▶ [What the task requires]: Please, from the entries below, transcribe exactly the lines that begin at the line with "vestiaire en gastentoilet." and end at the line with "Архивы с событиями", without the pictures.

▶ [Records]:
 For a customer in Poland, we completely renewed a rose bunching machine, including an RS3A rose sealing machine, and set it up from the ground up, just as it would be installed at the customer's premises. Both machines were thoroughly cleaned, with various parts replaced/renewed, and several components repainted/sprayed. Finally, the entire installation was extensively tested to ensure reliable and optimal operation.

---

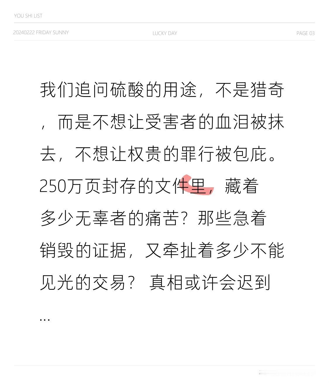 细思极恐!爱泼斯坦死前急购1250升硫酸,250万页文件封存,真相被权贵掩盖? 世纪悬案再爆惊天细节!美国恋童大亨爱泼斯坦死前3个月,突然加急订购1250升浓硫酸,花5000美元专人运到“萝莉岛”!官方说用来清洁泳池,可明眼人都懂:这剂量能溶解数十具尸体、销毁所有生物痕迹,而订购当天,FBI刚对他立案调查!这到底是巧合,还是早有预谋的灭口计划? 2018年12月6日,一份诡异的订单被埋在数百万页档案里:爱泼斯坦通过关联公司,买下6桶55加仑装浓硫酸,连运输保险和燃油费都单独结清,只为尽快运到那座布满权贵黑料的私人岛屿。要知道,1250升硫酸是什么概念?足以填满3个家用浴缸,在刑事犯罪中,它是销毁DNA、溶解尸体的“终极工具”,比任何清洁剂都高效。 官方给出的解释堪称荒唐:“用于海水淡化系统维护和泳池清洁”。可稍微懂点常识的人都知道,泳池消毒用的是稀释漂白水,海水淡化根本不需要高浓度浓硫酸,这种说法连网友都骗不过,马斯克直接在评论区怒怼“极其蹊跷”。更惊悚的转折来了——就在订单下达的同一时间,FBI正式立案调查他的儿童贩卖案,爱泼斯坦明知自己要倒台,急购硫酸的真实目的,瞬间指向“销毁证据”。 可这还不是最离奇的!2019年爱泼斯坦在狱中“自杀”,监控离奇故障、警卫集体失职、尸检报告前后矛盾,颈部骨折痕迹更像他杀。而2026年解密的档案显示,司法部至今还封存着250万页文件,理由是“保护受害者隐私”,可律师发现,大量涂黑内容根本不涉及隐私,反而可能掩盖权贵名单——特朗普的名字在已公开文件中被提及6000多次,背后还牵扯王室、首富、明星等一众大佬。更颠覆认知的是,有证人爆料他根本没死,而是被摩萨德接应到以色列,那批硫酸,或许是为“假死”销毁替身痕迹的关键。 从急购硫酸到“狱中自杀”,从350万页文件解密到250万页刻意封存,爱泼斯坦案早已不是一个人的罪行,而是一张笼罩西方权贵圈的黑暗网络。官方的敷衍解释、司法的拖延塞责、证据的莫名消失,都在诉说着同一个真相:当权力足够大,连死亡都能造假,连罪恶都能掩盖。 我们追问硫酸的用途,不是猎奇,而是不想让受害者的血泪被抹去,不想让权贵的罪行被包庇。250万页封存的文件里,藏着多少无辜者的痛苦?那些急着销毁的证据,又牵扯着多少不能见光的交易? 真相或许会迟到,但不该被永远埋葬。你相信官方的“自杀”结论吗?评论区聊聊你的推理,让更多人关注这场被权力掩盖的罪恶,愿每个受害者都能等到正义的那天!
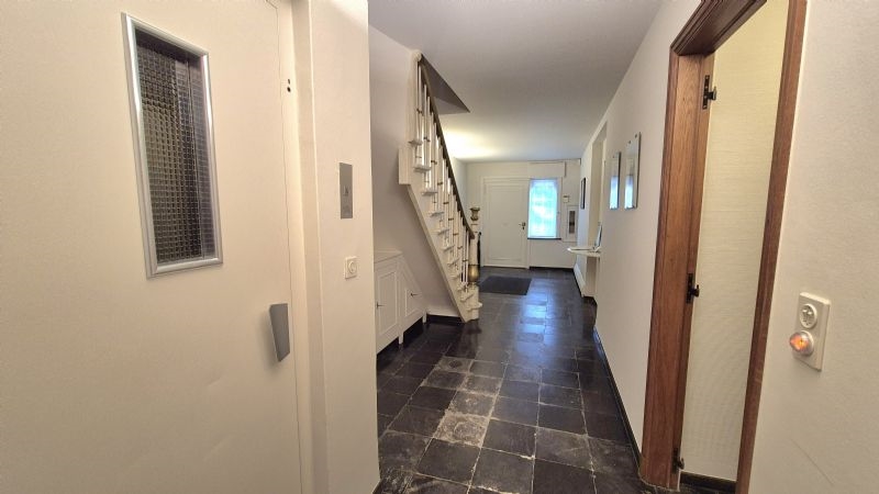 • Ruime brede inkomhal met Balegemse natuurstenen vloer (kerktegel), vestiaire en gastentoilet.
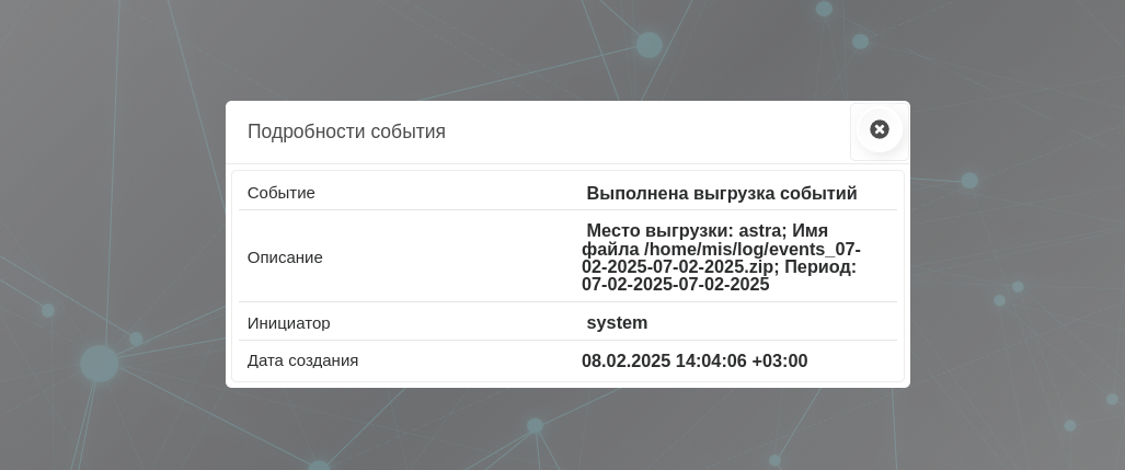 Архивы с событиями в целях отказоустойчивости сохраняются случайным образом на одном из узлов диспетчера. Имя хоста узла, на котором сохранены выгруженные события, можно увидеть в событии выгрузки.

▶ [Exercise result]:
 • Ruime brede inkomhal met Balegemse natuurstenen vloer (kerktegel), vestiaire en gastentoilet.
 Архивы с событиями в целях отказоустойчивости сохраняются случайным образом на одном из узлов диспетчера. Имя хоста узла, на котором сохранены выгруженные события, можно увидеть в событии выгрузки.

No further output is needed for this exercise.